Bill Mantlo worked on various projects while he juggled Micronauts, Rom: Spaceknight, and Incredible Hulk. He expanded on his original characters Jack of Hearts and Cloak & Dagger in separate mini-series, penned a mini-series for Vision and the Scarlet Witch (as the pair settle into their lives together as a couple), worked on the book Team America, but, most notable, was co-writer on Marvel Super Hero Contest of Champions. A unique mini-series, cosmic entities Grandmaster and Death organize a game pitting Earth’s heroes against each other. Conceived by Mark Gruenwald to tie in with the Olympics, Gruenwald, Steven Grant, and Mantlo wrote the limited series which featured virtually every Marvel super hero from Earth in the initial issue. This concept of bringing together essentially every superhero in a limited series was ahead of its time, pre-dating both Crisis on Infinite Earths and Secret Wars. The cast was largely made up of familiar heroes paired with international heroes created for the series (including Shamrock and Collective Man). Towards the end of Mantlo’s time at Marvel while he worked on Alpha Flight, he wrote a mini-series for the Rawhide Kid and co-created with Jackson Guice a creator-owned Science-Fiction pirate series for Epic Comics called Swords of the Swashbucklers. Mantlo also worked on a mini-series for a character he created a decade earlier with Keith Giffen and had pop-up during his Hulk run that, today, maybe Mantlo’s biggest hit.

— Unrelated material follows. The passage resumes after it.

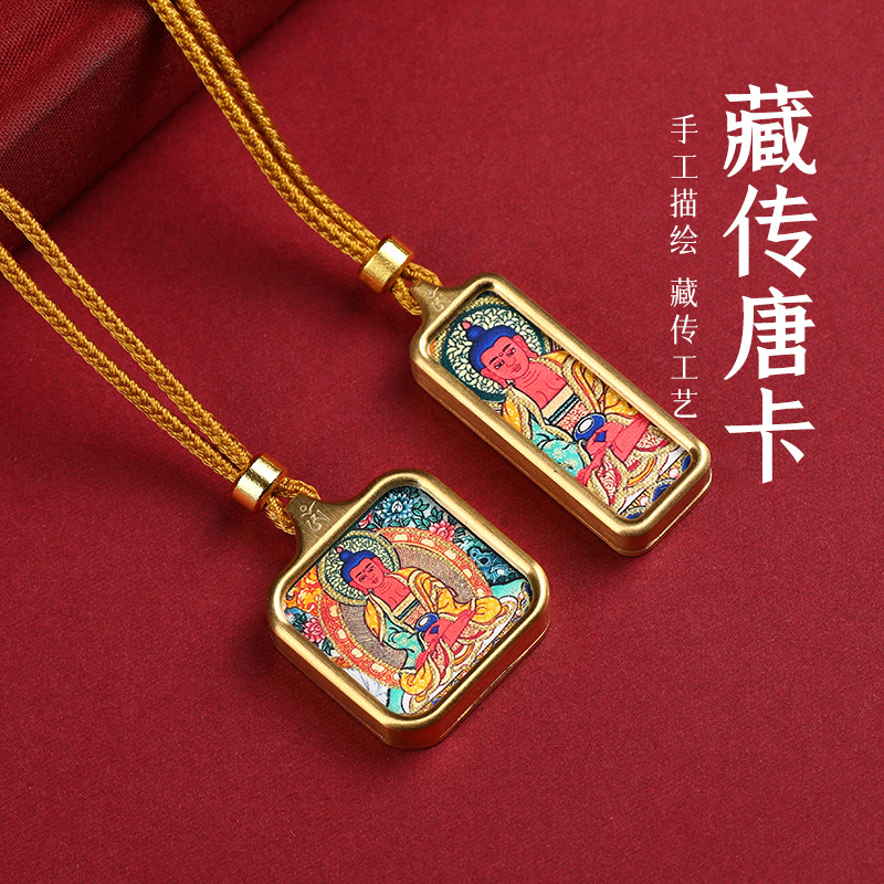 Xizang Handmade Colored Gold Thangka Pendant Green Mother Pharmacist Buddha Past Life and Present Life Painted Thangka Pendant Necklace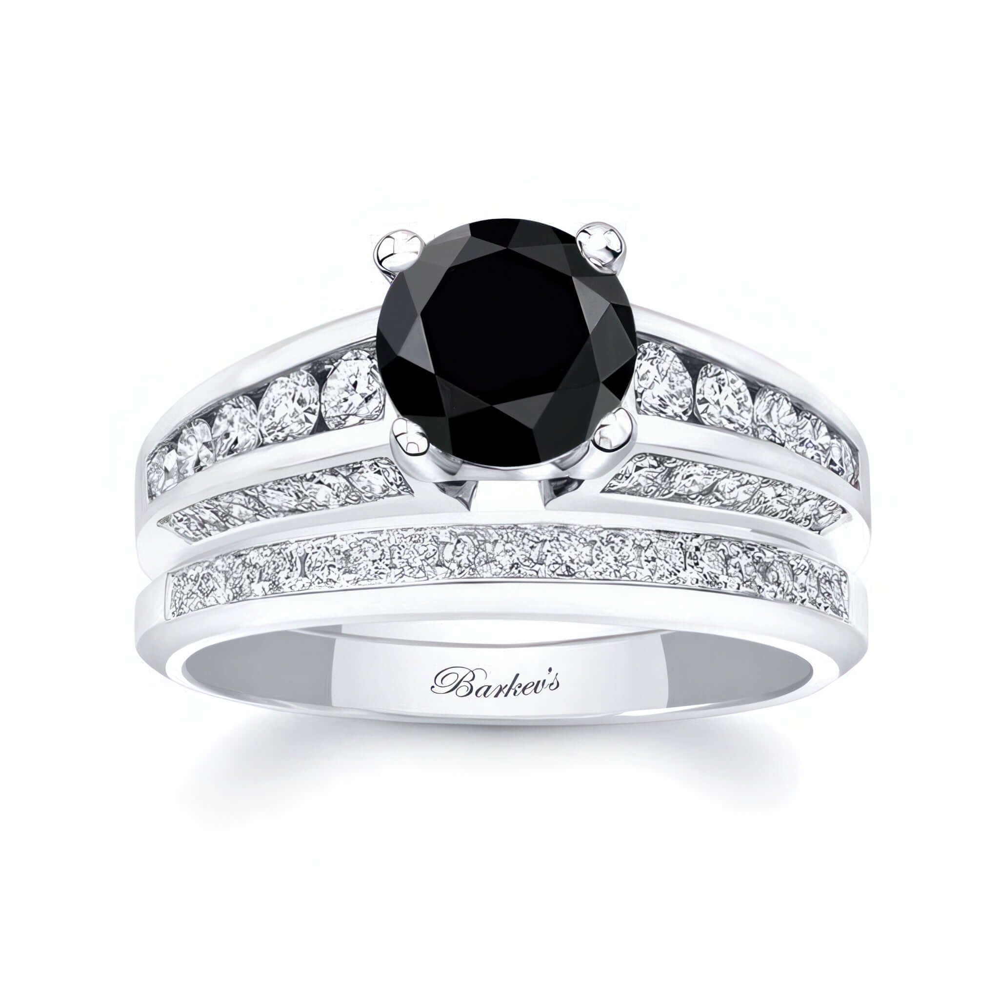 This magnificent black and white diamond channel set wedding ring set boasts with sparkle from every angle featuring beveled edges and a round center that is met by a row of channel and pave diamonds adorning not only the top, but also each side of the shank. Adding to this brilliance, the diamond wedding band fits snuggly close to the engagement ring for an unparalleled look.

Rocket Raccoon, who was conceived in part from a Beatles song, came to be as a back-up in Marvel Preview and re-appeared infrequently in the pages of Incredible Hulk, a self-titled mini-series, and She-Hulk (predating other similar anthropomorphic characters like Bucky O’Hare, Green Lantern Ch’p, and Star Fox). Raccoon gained new life today appearing in titles like Annihilation: Conquest, Guardians of the Galaxy, and Annihilators. These appearances caught on with fans leading to the character being immortalized in the video game Ultimate Marvel vs. Capcom 3 (pitting characters from Marvel against video game developer Capcom’s various franchises). And his fame only shows signs of growing as he recently appeared with his fellow Guardians in the animated series Avengers: Earth’s Mightiest Heroes and is set to star in a live action adaptation of the Guardians of the Galaxy scheduled for release in theaters August 1, 2014. Mantlo would eventually be forced to part ways with Marvel as he was a vocal advocate for creator rights, believing that if someone makes something, they should have a hand in its continued success (an idea still fought over today). Unsuccessfully trying to form a union, editor-in-chief Jim Shooter largely blacklisted Mantlo and, despite Shooter being let go, the writer was all but forgotten at the company. Studying to be a lawyer during his final years at Marvel, Mantlo left to become a public defender, believing that those that can’t defend themselves deserve a voice to fight for them. However, he couldn’t quite leave behind his life as a writer. So, after a few years out of the industry, Mantlo returned with his good friend Keith Giffen to help pen an event series for DC Comics called Invasion! Featuring an alien alliance seeking to stomp out the Earth before its residents become too powerful a force in the universe, Mantlo and Giffen teamed with Todd McFarlane and Bart Sears to create the title which generated a spin-off in L.E.G.I.O.N. The series is in part being adapted for the animated series Young Justice: Invasion. Sadly, this would be Mantlo’s final work.
While rollerblading to work, Bill Mantlo was struck by a hit-and-run driver that to this day hasn’t been caught. Receiving severe head trauma, Mantlo suffers from brain damage he’s unlikely to ever recover from. Cared for by his brother Michael, Bill needs round the clock care in a medical facility his family can’t afford. Bill managed to get by for a time through medical insurance, but his insurer eventually felt he had reached the limit of what they were willing to pay and abandoned him despite for a while he demonstrated improvement. People in the industry have time and again tried to help Bill with varying success, including a benefit book in Mantlo: A Life in Comics being produced where proceeds go to Bill’s care and art shows such as Spacenight: A Tribute to Bill Mantlo and Spacenite2 with money raised helping alleviate medical costs.